Nigeria’s First Lady, Mrs Oluremi Tinubu, has given Nigerians business advice that may not involve a lot of money to start.

Speaking with newsmen recently, the wife of President Bola Tinubu said businesses like akara (fried bean cake), kulikuli (a crunchy snack from roasted peanuts or groundnuts) and roasted corn can be set up without breaking the bank.

She disclosed that to support her husband’s Renewed Hope agenda, she has provided funding packages to traders and others to the tune of N3.5 billion.

“To start akara business doesn’t take a lot of money. To start roasting corn and kuli-kuli doesn’t take much. We didn’t give them a loan; we gave it to them as a grant,” she stated.

She further said, “We’ve encouraged Nigerians as best as we could, what is within our hands, I have given, and I keep giving.

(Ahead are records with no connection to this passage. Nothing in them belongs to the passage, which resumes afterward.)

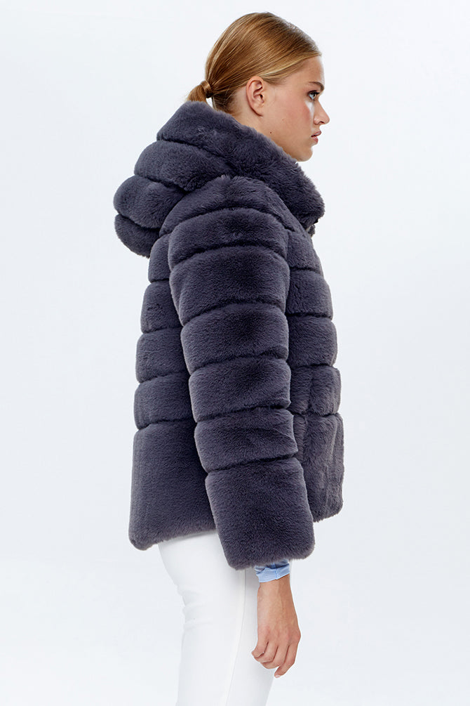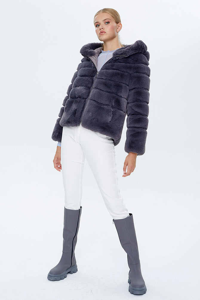 Pavia Kadın Antrasit Kapüşonlu Peluş Deri Mont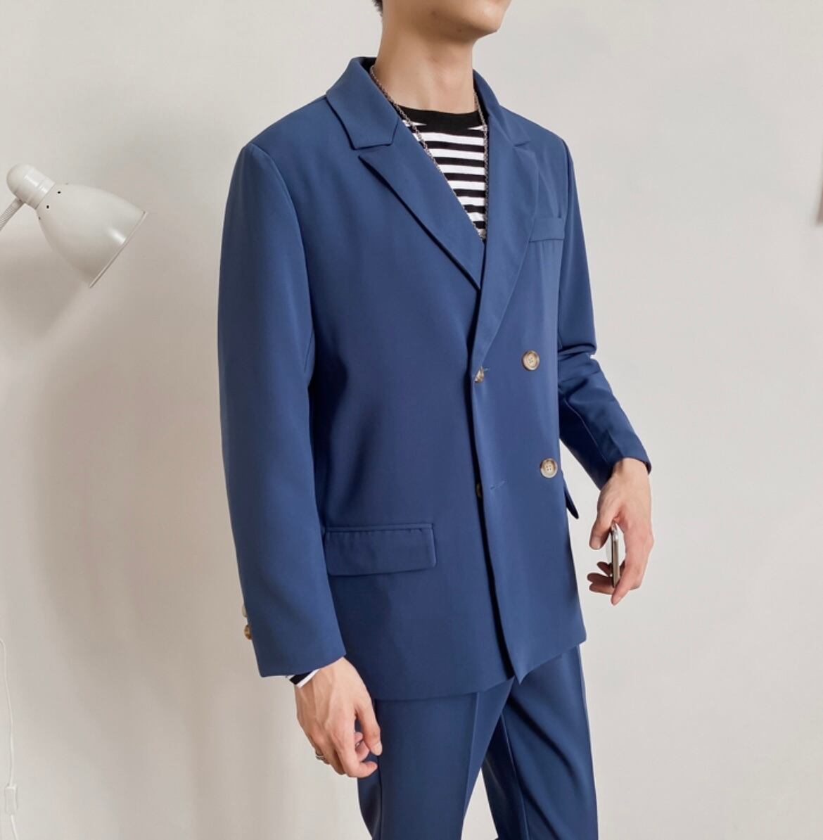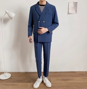 カジュアルダブルブルーセットアップ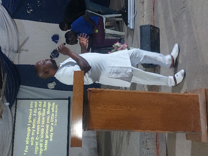 A man in a white suit and shoes stands behind a wooden podium, holding a microphone and gesturing with his other hand. Behind him, a projector screen displays a biblical verse: "For although I grieved you with my letter, I do not regret it..." Two people sit behind him, and a speaker is also visible in the background.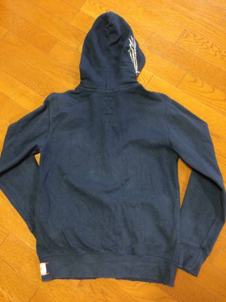 ワンポイントの刺繍とフードにプリントがあるのでフード出しインナーにしてもでもカッコよく着て頂けます。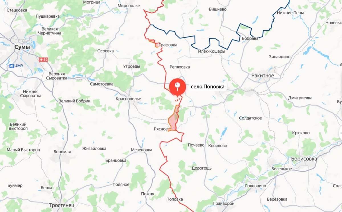 Министерство обороны России сообщает об освобождении населённого пункта Поповка Сумской области.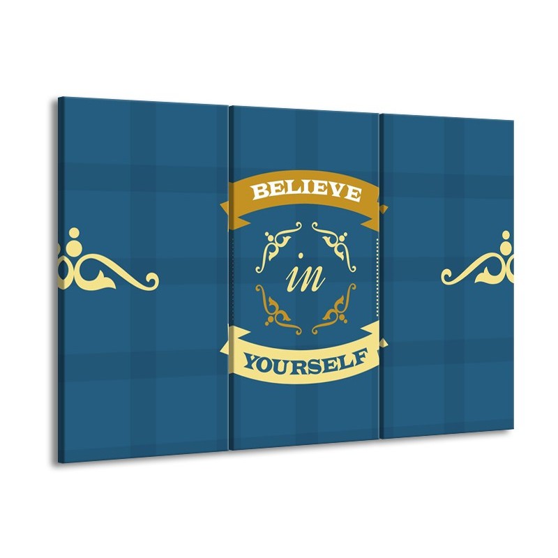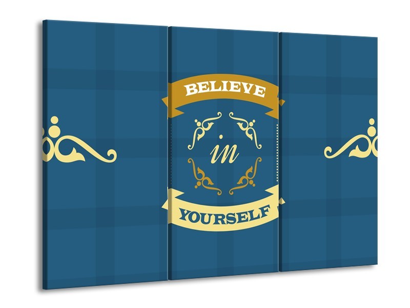 Glasschilderij Tekst, Modern | Blauw, Geel | 60x90cm 3Luik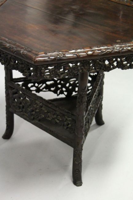 A GOOD CHINESE ROSEWOOD HEXAGONAL LOW TABLE, the removable top with carved rim and floral carved and pierced frieze, supported on a triangular shaped base with carved and pierced frame, 74cm diameter, 66cm high.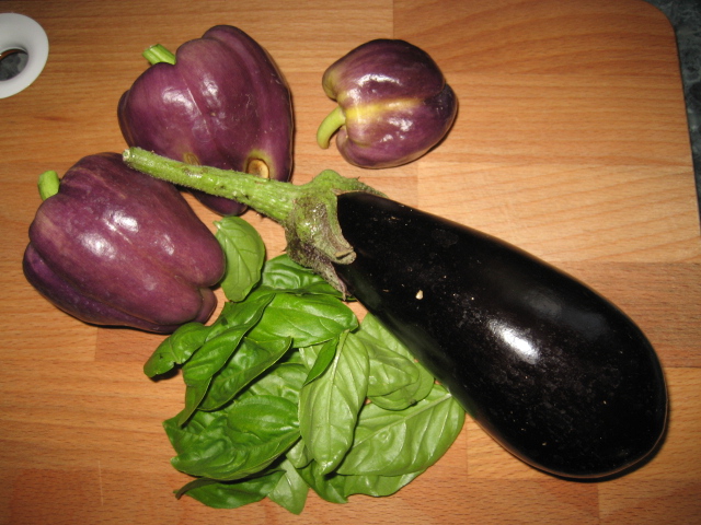 ポツポツとしか実は取れそうにないが、美しく光るナスを収穫し、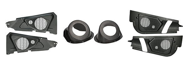 The MPS-RZRDP1 is a pair of speaker door panels designed to add an aftermarket 6.5-inch speaker and tweeter to 2014-2020 Polaris RZR 900 and 1000 models. This door panel is molded to fit stock doors for a flush-mount speaker solution that can withstand the elements. The MPS-GENDP1 is a set of speaker pods designed to fit 6.5-inch aftermarket speakers under the dashboard of 2016-2020 Polaris General 1000 models. The pods are molded for ease of installation and to maintain the factory look and feel.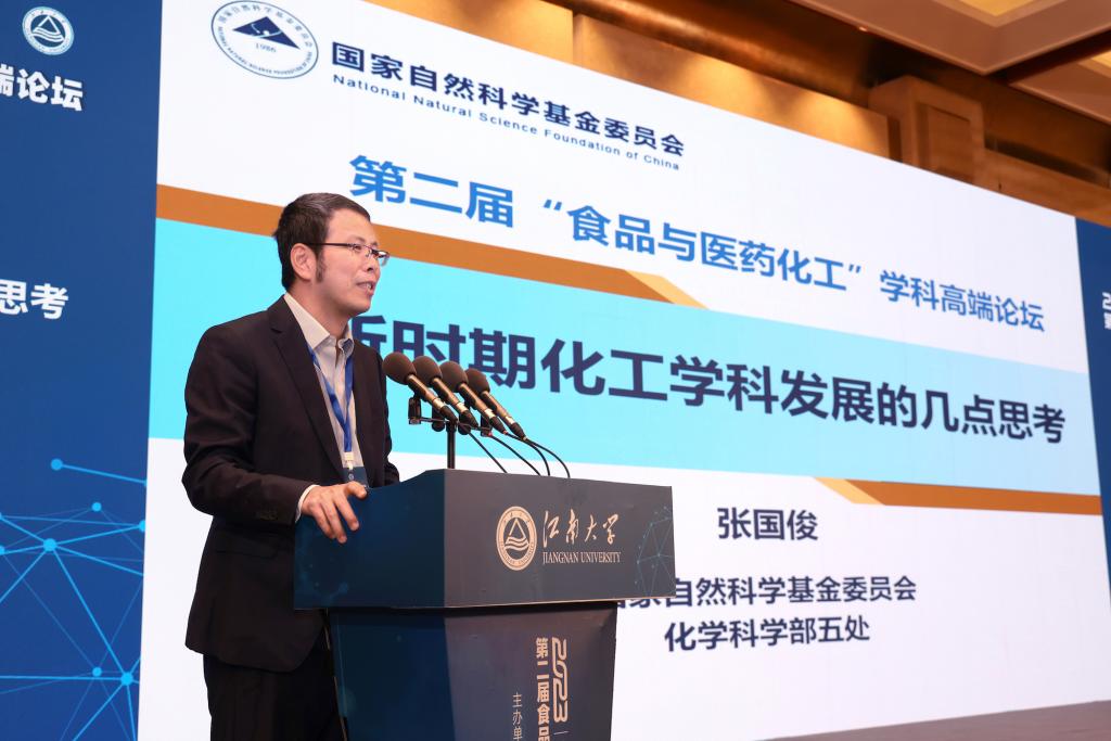 承办,充分体现了国家基金委对学校的信任,也是对我们继往开来推进食品、医药、化工等学科高质量发展的莫大鼓励。他指出,本次高端论坛,将重点围绕食品与医药化工学科发展现状和态势、所面临的挑战和机遇等方面进行战略研讨和专题研讨,对掌握学科未来发展方向,推进学术前沿创新和实践,具有十分重要的意义。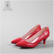 172巷大码女鞋41-43春季新款真皮高跟鞋尖头细跟浅口单鞋红色婚鞋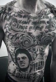 胸部凯尔特风格黑色五角星和圆圈纹身图案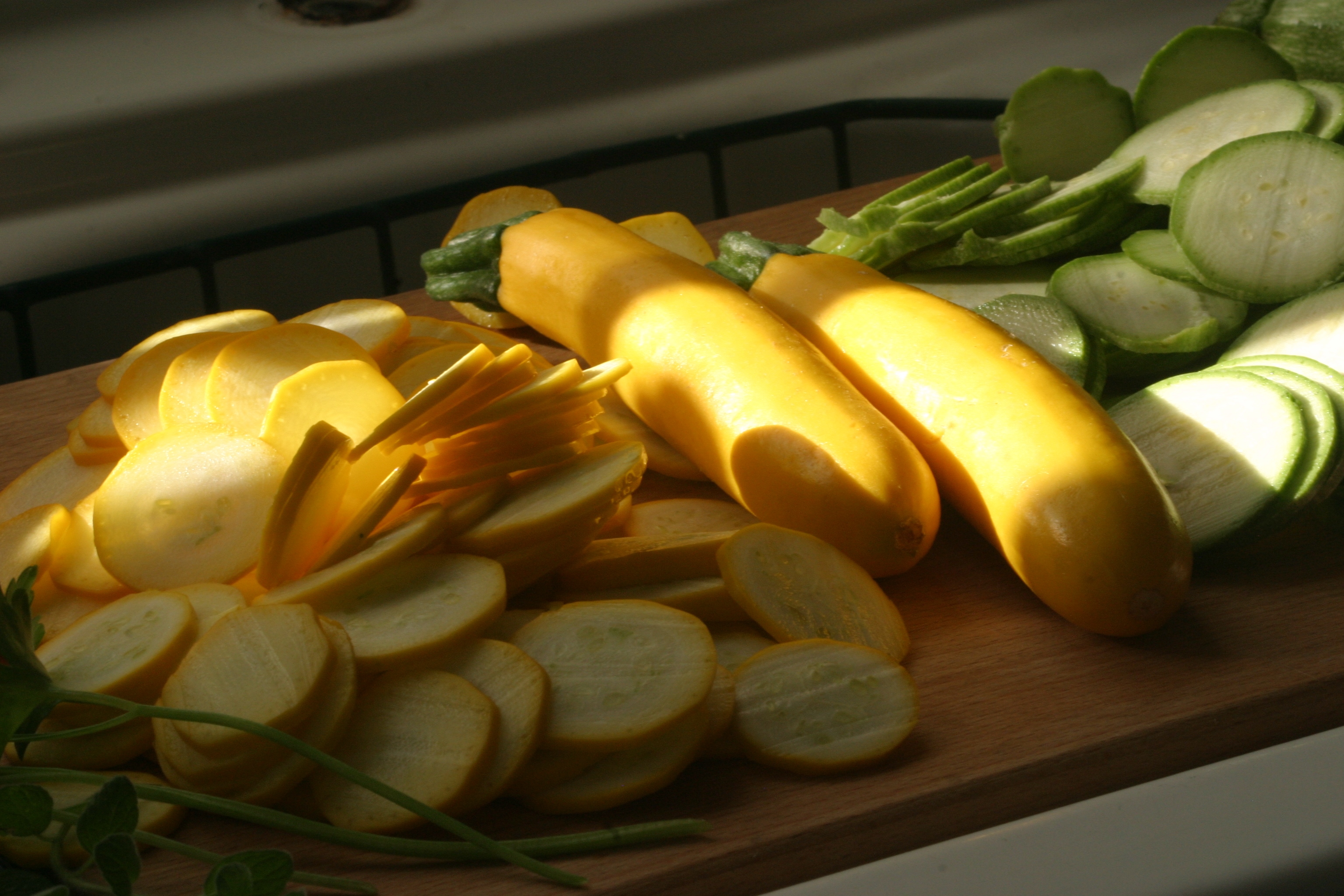Houseproud homestead kitchen – piles of thinly sliced summer squash, ready to be salted and made into a salad.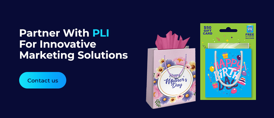 PLI Card Marketing Solutions is committed to helping you create a successful gift card program with our innovative solutions. At PLI, our experts specialize in card design, production, packaging, displays and fulfillment. Work with us to create a card that shows off exactly what sets your brand apart.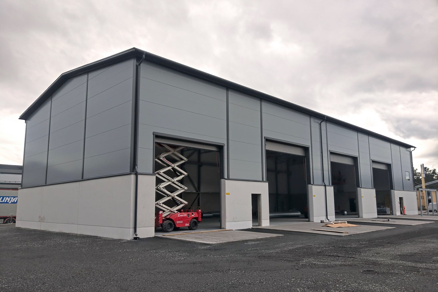 Trutec Oy:n toimittaman tuotantohallin toimitus sisälsi: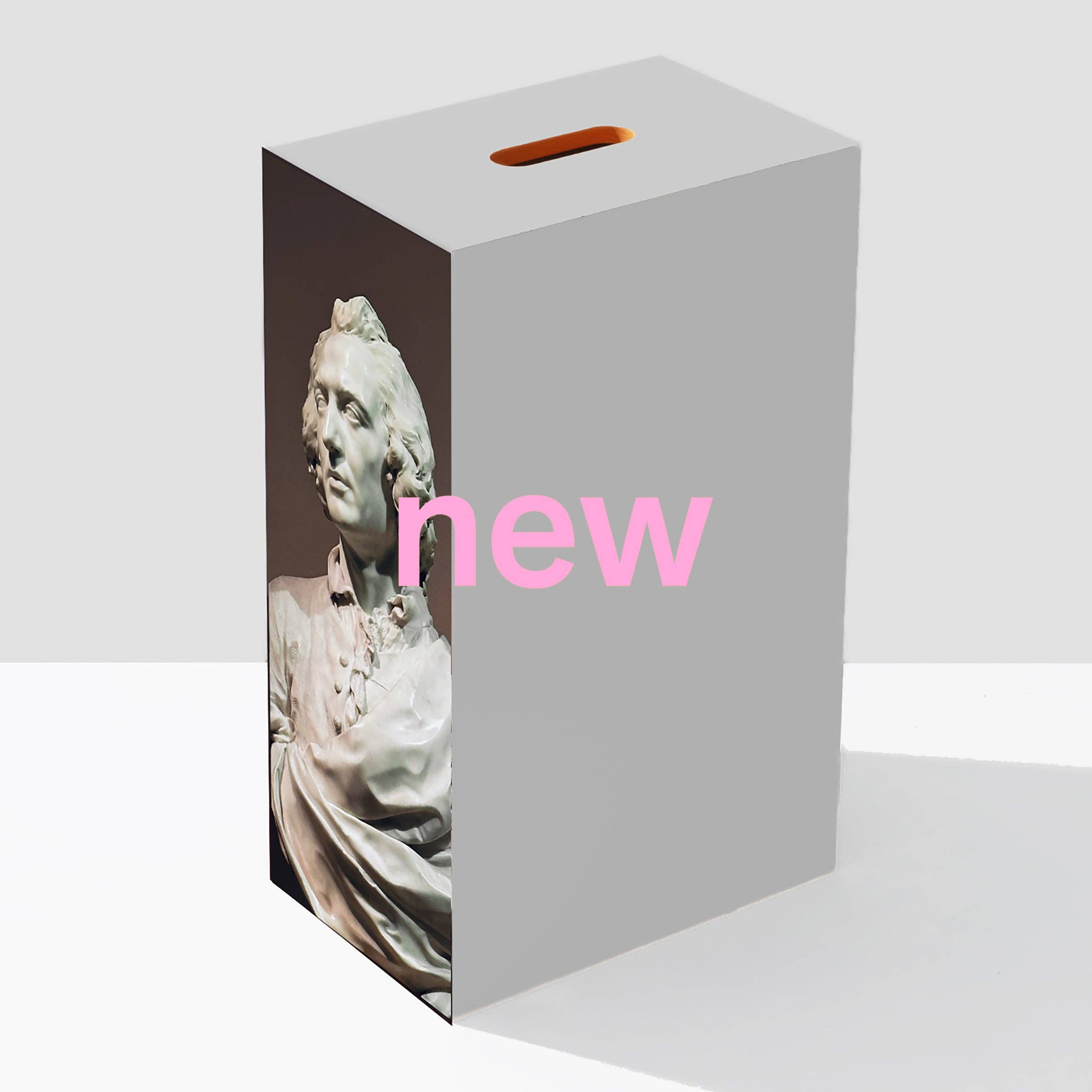 La serie de fotografía -Ilan Rubin Impresión por sublimación de tinta en aluminio. De archivo, duradera, montada en la Apple Box. Genevieve-Francoise Randon 1768 por Lemoyne La Apple Box es una vista familiar en los sets de cine y fotografía, una herramienta versátil que se utiliza sin fin como asiento, escalera, mesa, pedestal. La hemos elevado al estatus de ícono, como Le Corbusier, pero representándola en contrachapado de abedul báltico con color rico en todos los lados. Esta forma simple evoca el minimalismo elegante de Judd y la paleta de Barragán. Úsala donde sea útil. Hecho a mano en EE. UU. Características del producto: Versátil, apilable, mesa auxiliar, escalera y más. Contrachapado de abedul báltico en gris claro. Una caja de contrachapado de abedul báltico de seis lados, con un asa recortada redondeada. Cinco paneles de un color y el sexto de otro. Dimensiones: Ancho 12" x Largo 8" x Alto 20" Peso: 13LB Materiales: Contrachapado de abedul báltico, pintura, impresión por sublimación de tinta Genevieve en aluminio. El tiempo de entrega es de cuatro a seis semanas.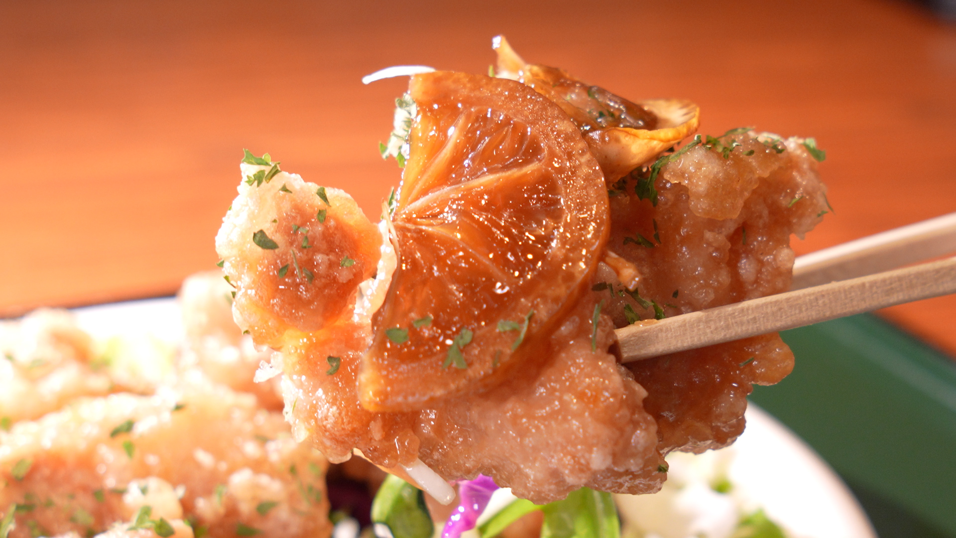中学生時代に給食で出た味を、友人の希望でリメイク 揚げたての鶏唐揚げをレモンたっぷりのつけだれにくぐらせて仕上げる一品 レモンの風味でさっぱり! ご飯が進みクセになる味わいです
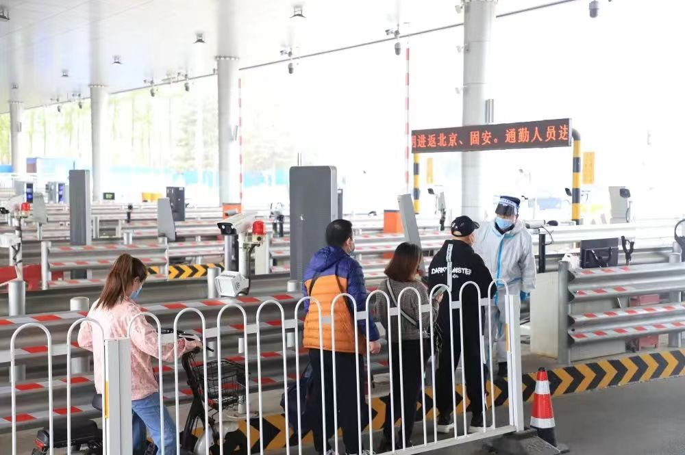 “根据疫情防控工作,4月11日零时起,固安县通勤人员恢复进返北京、固安。目前,坚持非通勤人员非必要不进京,如因重大疾病等极特殊原因确需进京的人员,需出示相应证明后进京,并严格执行北京市疫情防控政策。”固安县辛立村公安检查站站长徐立说。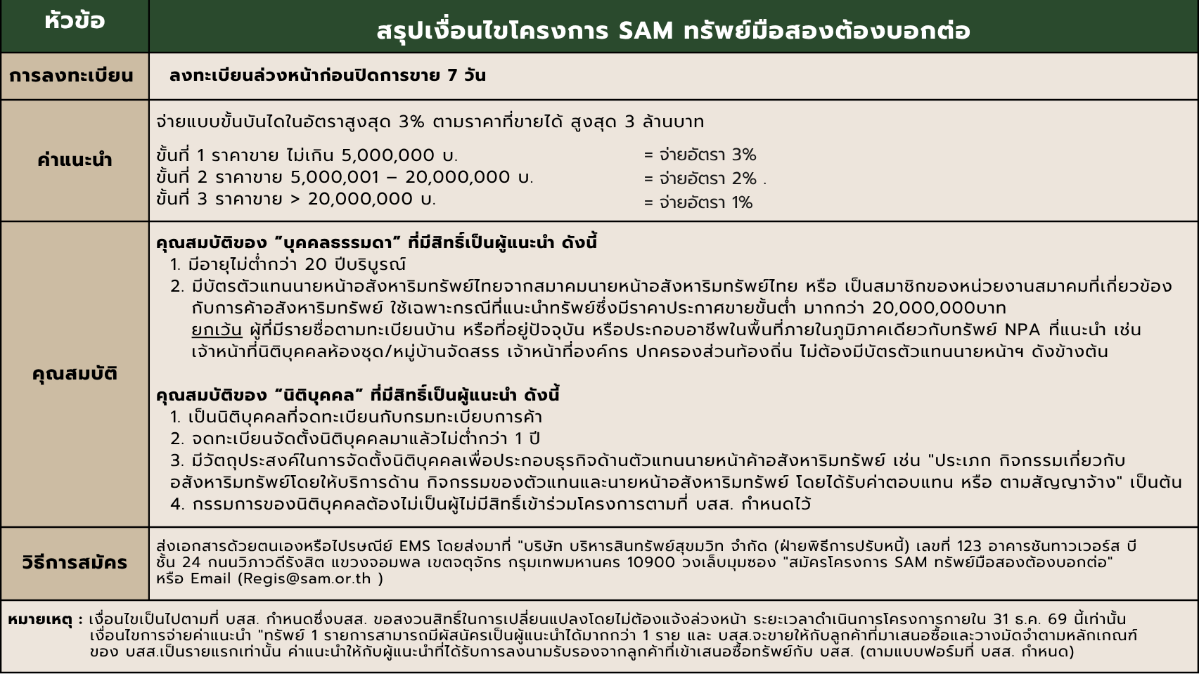 ลูกค้าสามารถตรวจสอบรายชื่อการเป็นผู้แนะนำขายทรัพย์ของ บสส. ผ่านทาง Call Center

Those are the things we’ve done.”

“I remember giving for TB (tuberculosis) when I heard of many TB cases; I gave N2 billion, to breast cancer, I gave N1 billion, and to [tackle] malnutrition, I gave N500 million.

“These are the things we’ve been doing to assist the government. So, we’ve had impact in agriculture, social investment, education (as scholarship and ICT training) and others. We are still open to doing more,” she disclosed.